Глава 17

Прадедушка Рознег решил провести обряд во славу Триглава и принести ему жертву. Так, что сейчас отсутствовал, и нам приходиться его ждать.

А дядька Колояр на все вопросы отмалчивался и только хмурился. Отец и Беляй вели неспешный разговор, касающийся дел стражи. А мы вместе с Могутой изнывали от скуки. А вот Володар, младший сын Колояра, нервничал, и это было заметно, он не находил себе места, часто вскакивал и пересаживался, словно в нем шла внутренняя борьба. Удивительно и странно, что старшего сына Колояра нет. Может, в этом все дело?

Скрип двери, и через порог перешагнул прадед в своем жреческом одеянии.

— Будь здравы, родичи, — и он оглядел всех своим тяжелым старческим взглядом.

— Будь здрав, — понеслось со всех сторон.

— Смотрю, все собрались, значит, пора и слово молвить. — И он разместился за столом со старшими. И кивнул Колояру, мол, начинай уже сказывать.

Дядька вздохнул и обвел всех нечитаемым взглядом.

— Договоренность у меня была с одним старостой у пруссов о покупке янтаря, еще по осени с ним сговорились. Ладью отправлять, так товара немного, зачем людей гонять, пусть отдохнут. Так что на лодке я с пяток людей отправил, а во главе сына старшего поставил Горисвета. Они давно должны были вернуться, плевое дело, да и идти недалеко, я уже волноваться начал. Так вчера прибыл один из моих людей, побитый весь. Поспрошал я его, и выяснилось, что староста, с которым я сговорился о делах, по зиме умер. И вроде с новым старостой сын сговорился на тех же условиях. Их хорошо приняли, с лаской, — тут дядька Колояр грустно хмыкнул. И уставился на свои руки немигающим взглядом.

— Опоили их, все деньги за товар забрали, а самих избили и в холодную кинули. Похолопили! Хорошо, хоть один сбежать смог и обратно добраться. Вот такую мне обиду нанесли, сына лишили и деньги забрали, — его голос был сухим и безжизненным. — Думал, сначала денег собрать и поехать выкупить, — закончил рассказ дядюшка.

Ситуация, однако. В избе повисла тишина, каждый обдумывал слова Колояра.
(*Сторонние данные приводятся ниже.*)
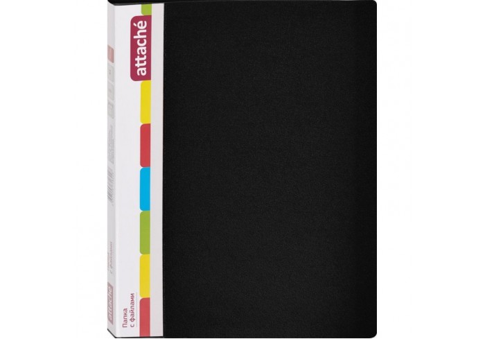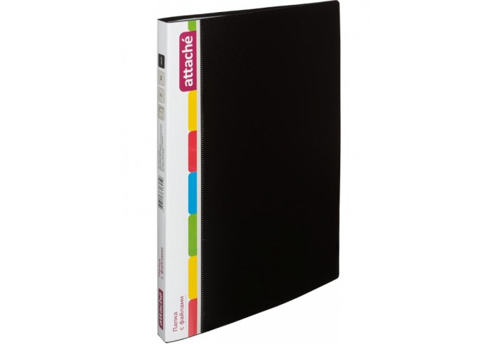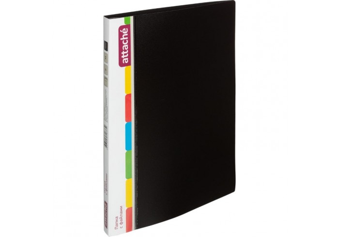 Файловая папка Attache формата А4 изготовлена из пластика (0,7 мм) черного цвета. Имеет 20 несъемных прозрачных вкладышей для удобного хранения и демо..

— Навряд ли бы вышло, скорей всего, и денег лишился бы и живота своего, — первым взял слово мой отец.

— Это да, они подло поступили уже, кто помешает снова так сделать? — согласился с ним Беляй.

— Прадед так же вчера и сказал, — грустно вздохнул Колояр.

— Надо людей собирать, да на выручку Горисвету идти, — и Беляй ударил кулаком по столу, озвучивая мысли, которые были у каждого из нас.

— Большое ли у них селение? — отец был более спокоен и обдумывал ситуацию.

— Домов сто, может, чуть больше, — ответил после недолго размышления Колояр.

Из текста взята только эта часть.